» **Dataset content**

——————

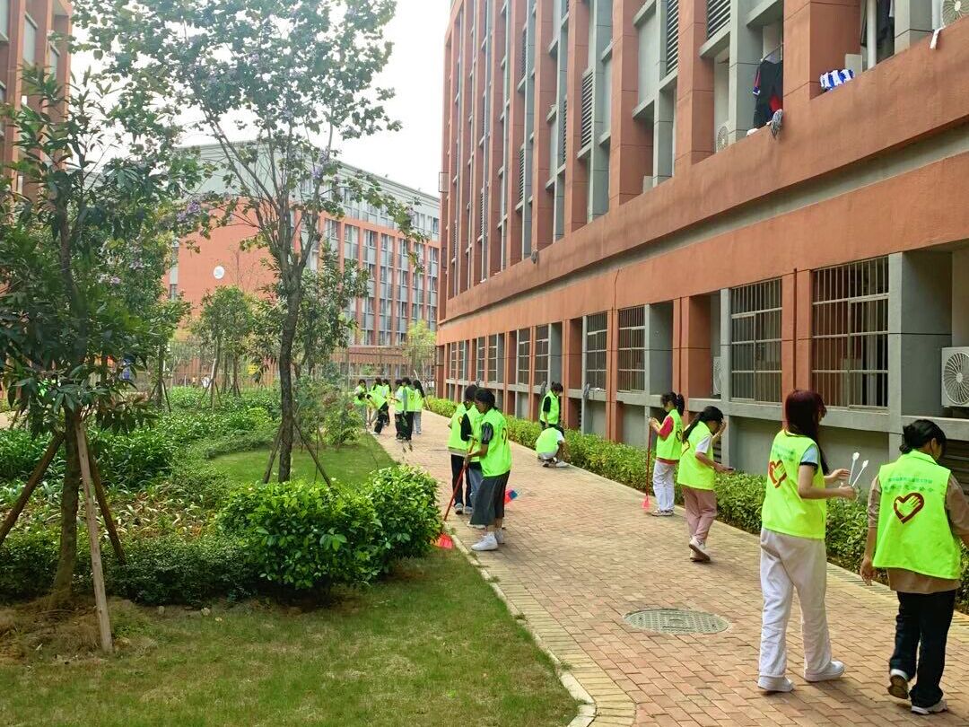 志愿者在清扫学生宿舍
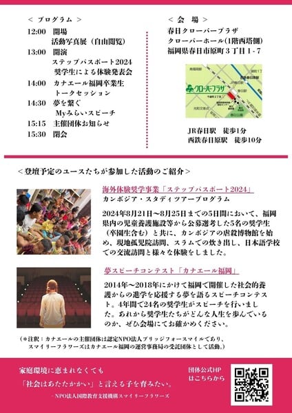 児童養護施設を退所した後、専門学校や大学等へ進学する子どもたちを支援する(返済不要の)奨学金支援プログラムとしてNPO法人ブリッジフォースマイルが創設・運営していた「カナエール」の福岡事務局として活動を展開。
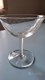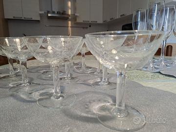 Eleganti coppe in cristallo, finemente lavorate. Originali regalo di nozze anni '60, poi tenute in vetrina. Ideali per apparecchiare una tavola per le feste, utilizzabili per aperitivi, spumanti o anche creme al cucchiaio. Sono 11, usate pochissimo.
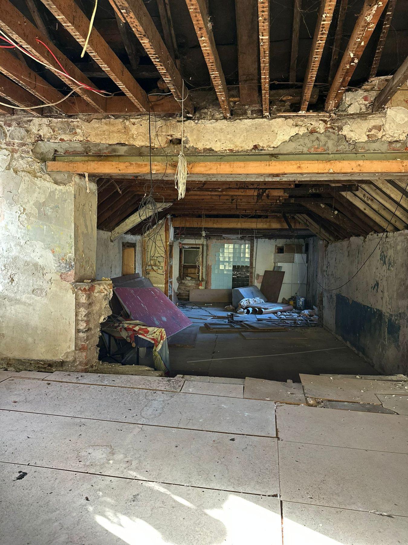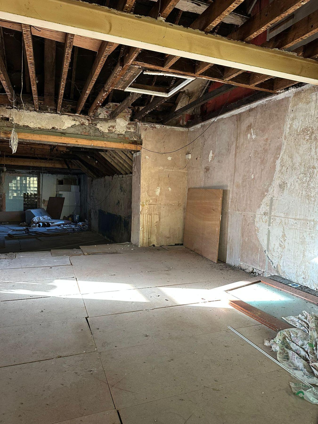 Upstairs Area: stripped back. Measurements: 16.98m x 5.52m

——————

Repeat every line of the data above exactly, but drop the pictures.

» **Output for this task**
 志愿者在清扫学生宿舍
 児童養護施設を退所した後、専門学校や大学等へ進学する子どもたちを支援する(返済不要の)奨学金支援プログラムとしてNPO法人ブリッジフォースマイルが創設・運営していた「カナエール」の福岡事務局として活動を展開。
 Eleganti coppe in cristallo, finemente lavorate. Originali regalo di nozze anni '60, poi tenute in vetrina. Ideali per apparecchiare una tavola per le feste, utilizzabili per aperitivi, spumanti o anche creme al cucchiaio. Sono 11, usate pochissimo.
 Upstairs Area: stripped back. Measurements: 16.98m x 5.52m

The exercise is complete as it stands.